Meanwhile the disciples were urging him, ‘Rabbi, eat something.’ But he said to them, ‘I have food to eat that you do not know about.’ So the disciples said to one another, ‘Surely no one has brought him something to eat?’ Jesus said to them, ‘My food is to do the will of him who sent me and to complete his work. (John 4:31-34)

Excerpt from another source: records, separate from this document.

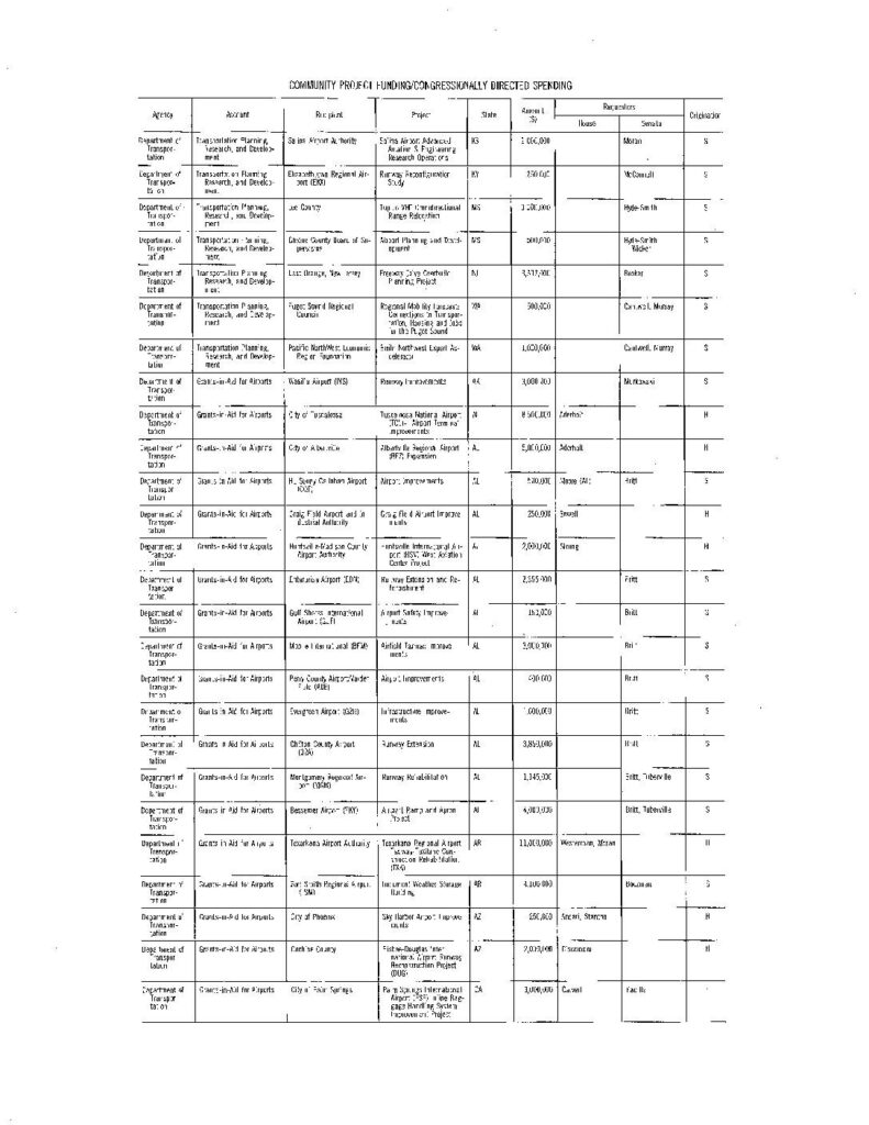 A comprehensive list of congressionally directed spending for Department of Transportation projects, including airport improvements, runway expansions, and aviation infrastructure projects across multiple states. The document details funding amounts, recipients, and the congressional representatives who requested each project.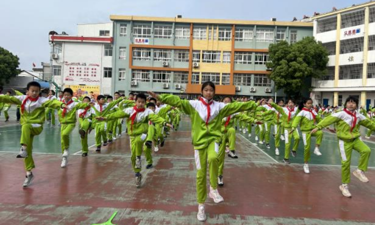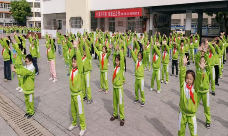 随着音乐响起,同学们迅速进入状态。伸展、扩胸、踢腿、跳跃……每一个动作都标准规范、整齐划一;每一次抬手、每一次转身都充满力量、节奏明快 。鲜艳的红领巾在阳光下闪耀,统一的校服汇成流动的色彩,整个操场宛如一片活力四射的红色海洋 。
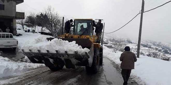 واصلت ورشات وآليات مديرية الخدمات الفنية في محافظة طرطوس العمل على فتح الطرقات في المناطق التي تراكمت فيها الثلوج وخاصة في المناطق الجبلية بريف المحافظة.

On Wednesdays in Embertide, the Gospel lesson appointed at
the Holy Eucharist is taken from Jesus’ conversation with the Samaritan woman
in chapter 4. The portion read is during something of an interlude in that
conversation, where Christ speaks to his disciples, who had been absent from
him for a time, while the Samaritan woman gathers up many fellow villagers with
the Good News of her encounter with “the One who has come into the world.” This
interlude has profound meaning for all Christian ministry—and with a particular
verdict on our own day.
The disciples assume that Jesus is hungry—which he may well
have been. But Jesus is concerned with deeper things than the mere satiation of
physical passions. This is, right off, a lesson that we need to internalize. It
has been said that one of John Wesley’s maxims was that each minister of the
Gospel should be ready to do three things with only three minutes’ preparation:
pray, preach—and die. This complete openness to God’s immediacy, an access to
grace borne of a deep inner communion with God, is not somehow “optional.” It
is at the heart of effective lay or ordained ministry. How much is this being
taught or encouraged in the contemporary Episcopal Church?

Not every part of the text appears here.